On July 10, 2024, Chilevisión announced that Gran Hermano 1 contestant, event producer, and reality TV personality, Sebastián Ramírez would return to the reality series as an original contestant this season, with the announcement sparking lots of controversy following his turbulent stint on the show last year.
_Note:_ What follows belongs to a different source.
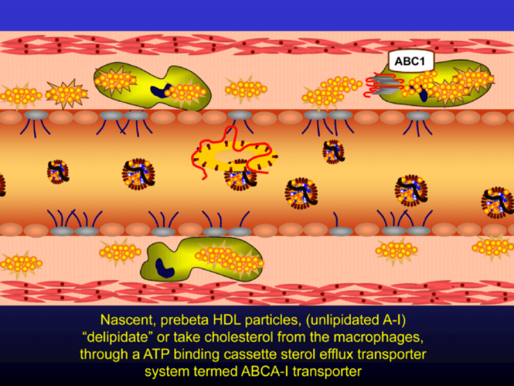 Nascent Apo A-I containing particles (also known as prebeta-HDL particles) accumulate free or unesterified cholesterol from the macrophages using ATP Binding Cassette Transporters A1.

During the live move-in episode, the final teams were revealed, and the Civilians will compete against the Celebrities, there'll be 11 members of each team. Also, because of the twin twist, Valentina will be the name under which the Abello twins (María Camila & Valentina) will be competing until further notice or they're discovered by another housemate. The twins left the house on Day 14 (25 July 2024) as Gran Hermano determined their mission was over, and the twist were revealed to the rest of the house 3 days earlier during the first Live Eviction of the series.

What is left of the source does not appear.